ArcadeJune 11, 20264 min read

Why Bounty Board Arcade Exists

Bounty Board Arcade is built around a simple idea: discovery works better when players can try the game before reading the pitch.

arcadeindie gamesbrowser games
BrowserQuest title screen from the open-source browser-game project

Most indie game discovery asks players to do a lot of work before the fun starts.

Watch the trailer. Read the store page. Join the Discord. Maybe wishlist. Maybe remember to come back later. That flow can work, but it is also a long walk between "this looks interesting" and "I played it."

Bounty Board Arcade is our attempt to shorten that distance.

The direct answer

Bounty Board Arcade exists to give browser-native indie games a play-first discovery surface. Players can try a game quickly, studios can learn which hooks create real interest, and creators can build content around something they have played themselves.

That makes the Arcade different from a static blog post, store listing, or ad. It starts with the part that matters most: the game in someone's hands.

The point is play first

The Arcade is for browser-native games and playable slices that let someone get a feel for a game quickly. No launcher. No store account. No giant download before the first decision.

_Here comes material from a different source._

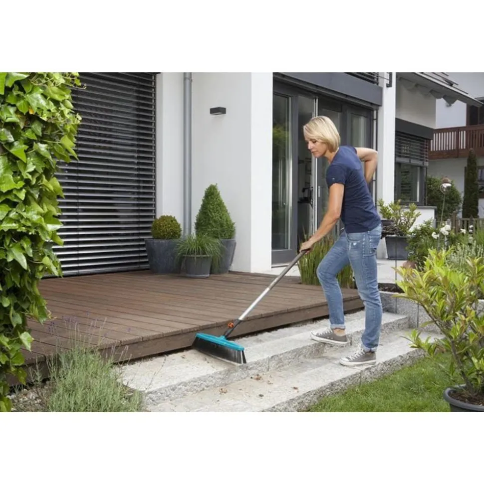 De GARDENA combisystem-straatbezem is ideaal voor gebruik in de tuin en rondom het huis. Met een werkbreedte van 45 cm en een slagvaste kop van hoogwaardige kunststof kan de robuuste bezem voor verschillende doeleinden worden gebruikt. Hoogwaardige en gladde harde en zachte borstelharen van polypropyleen zorgen voor een optimaal schoonmaakresultaat en efficiënt werken. Een geïntegreerde schraaprand boven de bezem zorgt voor moeiteloos verwijderen van ingetrapt vuil of vochtige bladeren. De straatbezem is geschikt voor alle GARDENA combisystem-stelen, waarbij GARDENA een steellengte van 130 of 150 cm adviseert, afhankelijk van de lichaamslengte. De garantieperiode is 25 jaar.

That matters because players are good at knowing when a game has a hook. A mechanic either feels good under your hands or it does not. A world either makes you curious or it does not. The faster someone can try it, the faster a real opinion can form.

For players, that means the Arcade should feel like a place to wander into when you want something new to poke at.

For studios, it means your game gets a discovery surface that is closer to a playable booth than a static ad.

The stronger evidence is more specific than the broader games market. Poki's 2026 State of Web Gaming Report surveyed 2,000 web gamers and 400 developers in the U.S. and U.K. It found that 37% of web gamers play multiple times per day, the most common session is 11 to 20 minutes, and 62% have downloaded or purchased a game after first discovering it on the web.

That supports the bet behind Arcade: a short playable surface can be real discovery, not filler between bigger platforms.

Why this belongs next to bounties

Bounty Board already sits between game studios and gaming creators. Studios post bounties, creators take on paid work, and the best campaigns start with real fit.

The Arcade adds another signal to that relationship: player behavior.

If a browser build gets people to replay, share, climb a leaderboard, or ask for more, that is useful. It helps creators understand what angle might land. It helps studios see what players notice before a bigger campaign. It gives the community something real to talk about.

That is a healthier loop than asking everyone to react to screenshots forever.

What good Arcade games have in common

The best Arcade entries do not need to be huge. They need to be legible fast.

A good fit usually has:

  • a clear first action
  • a short loop players can understand in under a minute
  • visible feedback when they improve
  • one mechanic or mood worth talking about
  • a reason to restart

That can be a score attack, a tiny puzzle, a defense wave, a movement challenge, or a weird little prototype with a strong hook. The common thread is that the player gets to do something before they are asked to care.

Where to start

If you are a player, start with the Arcade and try what is live.

If you are a studio, think about the smallest playable version of your hook. Not the whole game. Not the perfect vertical slice. The thing someone can touch and understand.

That is often enough to start a better conversation.